Громкая тишина — страница 24 из 154

Кроме шагов часового, по-охотничьи сторожких, ничего не было слышно.

Запахло пылью. Пыль тут мелкая, мельче муки, ноздри забивает пробками, в глотке от нее постоянно сидит тычок, ничем его не вышибить, на зубах хрустит крахмально, такое впечатление, будто сырую картошку ешь. Неприятная преснятина эта самая пыль, никакого вкуса вроде бы, а плечи судорогой перекашивает; взметывается вверх, стреляет фонтанчиками, норовит в рот, в глаза попасть, бесшумно ссыпается со стен, ложится тонким шелковистым слоем на плечи. Цвет ее рыжий-прерыжий, яркий. А ведь точно из этой пыли можно готовить краску! Хочешь водяную, хочешь масляную. Наверное, древние люди так и поступали.

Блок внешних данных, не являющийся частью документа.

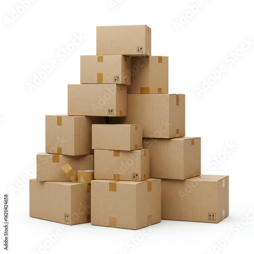 Stacked Cardboard Boxes for Shipping and Storage on White Background
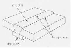 반자동 / seni-automatic (arc) welding 용접 와이어의 송급은 자동적으로 이루어지는 장치를 이용하고, 용접토치의 조작은 손으로 하는 아크용접법을 말한다. 반자동 아크 용접은 기계회된 수동요접으로 분류하기도 한다. 용극식의 반자동 아크 용접기는 용접토치, 와이어 송급장치, 제어장치, 아크용접 전원 및 보호가스 실린더 등 부속기기로 구성되어 있다. 용접토치는 용접 와이어를 용접부에 정확히 인도함과 동시에 용접전류를 공급하기 위한 장치이다. 소전류용이나 플럭스코어드 와이어용은 공랭식 토치가 널리 이용되지만 대전류 가스실드 아크 용접에는 수냉식을 주로 사용한다. 보호가스는 와이어와 동축으로 토치선단에서 분출시킨다. 직경이 작은 용접 와이어를 이용하는 토치는 와이어 송급장치를 토치와 일체화하는 것도 있다 솔리드 와이어용 용접전원은 직류 정전압 특성이 일반적이지만 플럭스코어드 와이어용은 교류수하특성의 용접전원이 사용된다. 제어장치는 와이어의 송급제어, 용접전원의 개페 또는 제어, 보호가스의 송급 및 정지 등을 수행하는 기능을 갖는다. 반자동 아크 용접기는 CO2 용접을 비롯한 가스메탈 아크용접(GMAW)에 주로 이용되며 가스텅스텐 아크용접(GTAW)에서는 용가재(와이어)의 송급만을 자동화한 것이 이 범주에 포함된다. 백비드 / penetration bead, back bead 용접이음부의 용접표면에 대하여 뒷면에 형성된 용접비드를 말한다. 편면 1패스 맞대기 용접에서 완전용입 용접(full penetration welding)을 행한 경우에는 뒷면에 완전용입으로 형성된 비드를 백 비드라고 부른다. 그러나 X그루브 등으로 가공된 후판재의 양면 용접에서는 앞면의 용접부에 대하여 뒷면에 형성된 용접비드를 의미한다.
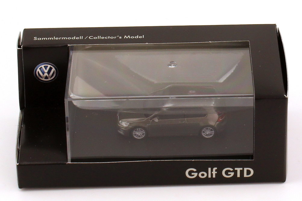 Rietze-Modellauto in Minivitrine, M 1:87, VW Golf VII GTD 2013 2türig limestone-grey-met. (Volkswagen-Werbemodell)
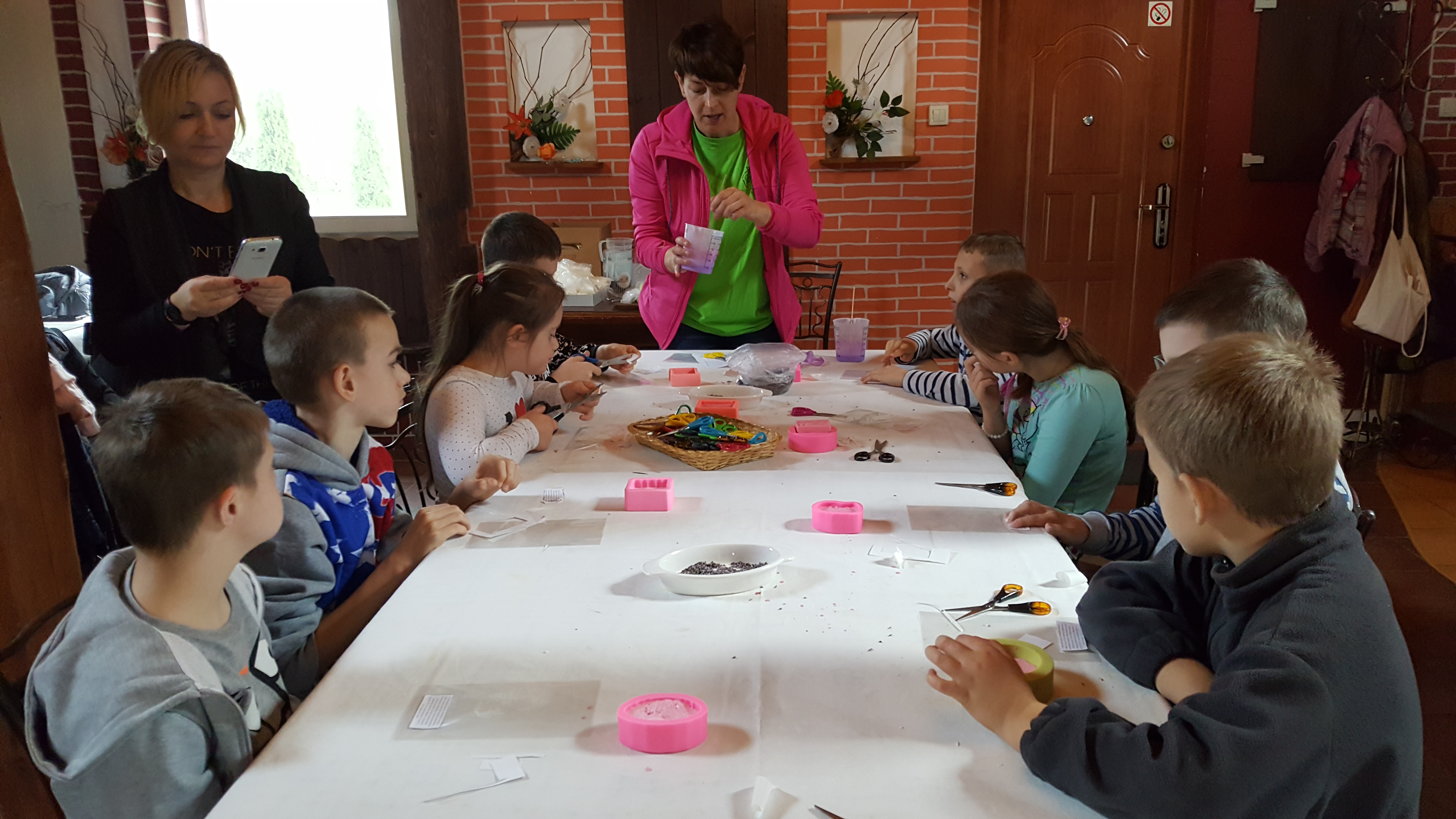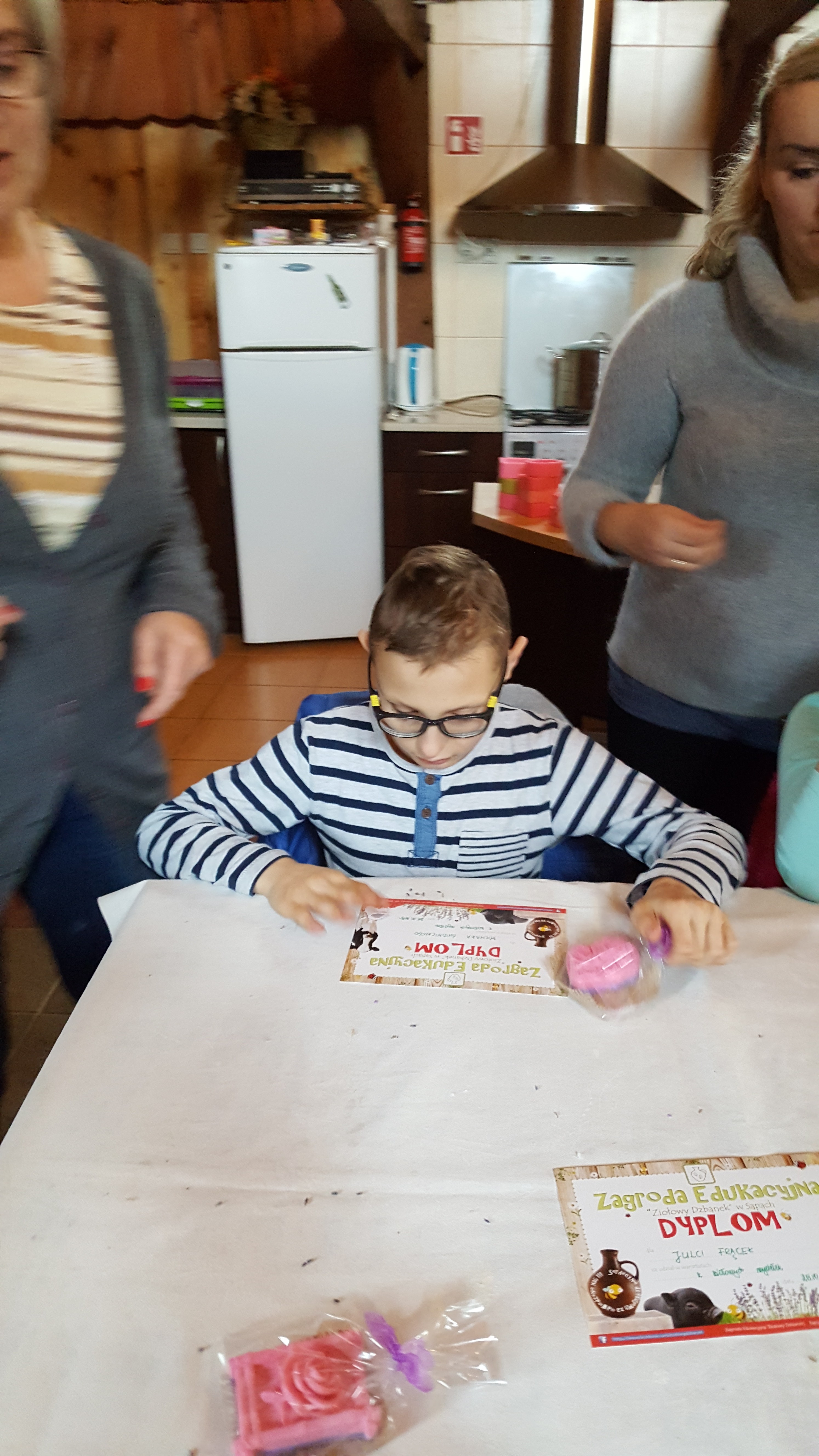 W dniu 26.10.2017 r. klasy: III a, b odbyły wycieczkę do Zagrody Edukacyjnej w Sąpach. Było cudnie, nawet pogoda mam dopisała. Niezapomnianych wrażeń dostarczyła uczniom możliwość samodzielnego wykonania, pachnących różą i lawendą, mydełek. Radość na twarzach dzieci wywołały także zwierzątka -świnka, kózki i kaczki. Przemiła gospodyni-pani Ewa poczęstowała swojskim kompotem i pysznymi babeczkami. Pobyt w „Ziołowym Dzbanku” był magiczny i relaksujący wśród cudnie pachnących ziół i przy ciepłym blasku kominka. Aż, nie chciało się wracać… 🙂

Но здешняя пыль — семечки по сравнению с той, что Князев поел в пустыне, если брать на юг от города Герата. Там афганцы стояли, душманов к Герату не пропускали, и наши ребята были на учениях, тоже пеклись в пустыне, на барханах, как в печи. Днем там жара до семидесяти градусов поднималась — и ничего, терпели. Афганцы терпели, а наши ребята, они что — хуже? Ползали по песку, белые от соли, изучали тактику, саперное дело, тренировались в «шагистике» — строевой подготовке, случалось, и стреляли, если нападали душманы.

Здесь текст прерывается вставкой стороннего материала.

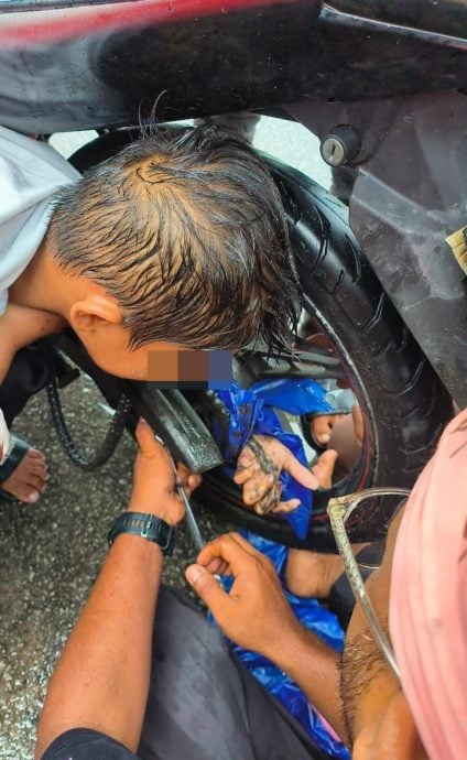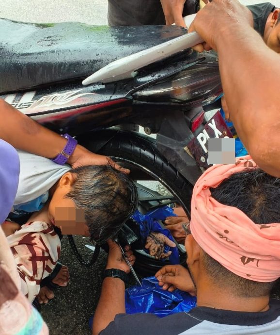 (槟城5日讯)男童穿,却被后轮夹住雨衣,导致他左手被卷入(spokes)内,痛苦不堪。
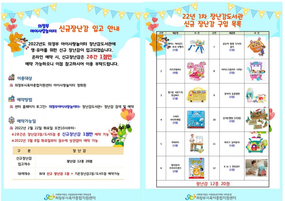 [의정부] 2022년 2월 장난감도서관 신규 장난감 입고 안내 > 공지사항
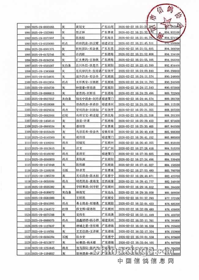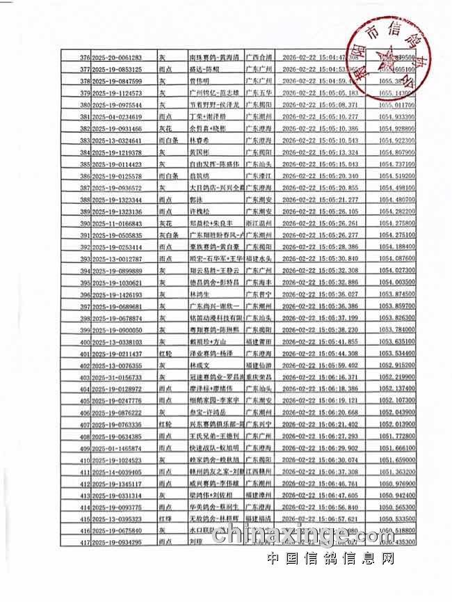 广东鸿栩(春棚)2026年首届春季四关赛附加赛前120名获奖鸽名单
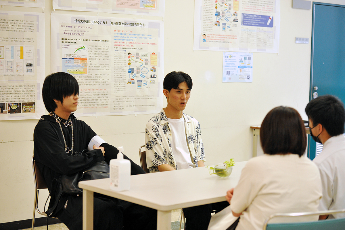 ゼミ紹介では、小田さんが日商簿記2級、リテールマーケティング1級を取得した経緯を始め、先生との距離が近く相談しやすい雰囲気や、学費が安く、留学生との交流も盛んにできる九州情報大学の特色について学生目線で話してくれました!

На вертолете им доставили кинопередвижку, к ней пленки, по ночам смотрели в пустыне фильмы. Еще им забросили старый резиновый понтон и несколько эвкалиптовых веников — ребята за ними в Джелалабад летали. В Джелалабаде субтропики, все зелено, мандарины цветут, эвкалипт не редкость. В понтоне бассейн устроили, а в палатке — баньку. Зажили, словно короли, акклиматизировались, и семидесятиградусное пекло сделалось им нипочем.

Вот только от пыли некуда было деться, пропитался Князев ею насквозь. Она и в кровь сквозь поры проникла, и в пот, и к костям солевыми наростами прикипела — не то что здесь, в небольшом предгорном городке. Точнее, не в городке даже — в кишлаке.

Нет, не спится что-то Матвеенкову — снова парень заворочался под простыней, заскрипел пылью.

— Товарищ сержант, а у вас на родине осталась девчонка?

— Нет.

— И у меня нет. Не успел. Даже поцеловаться не успел. Ни р-разу, — шепот Матвеенкова сделался скорбным и одновременно жалобным, смущенным. — Такая жизнь.

Самого себя парень жалеет. Князев усмехнулся — отвыкнет скоро Матвеенков от «изюма» и сантиментов, все это уйдет. А жалость — это плохо, жалость — штука размягчающая, так и до слез недалеко.

— Вы влюблены были когда-нибудь, товарищ сержант?

Сказать «нет» — значит соврать, сказать «да» — вызвать лишние расспросы.

— Спи!

— А это самое… ну, родина снится вам, товарищ сержант?

— Бывает. — Князев снова напрягся: показалось, что он слышит не только шаги часового, а и еще чьи-то, мягкие, неприметные, будто обувь идущего обернута тряпкой. Но нет — только показалось.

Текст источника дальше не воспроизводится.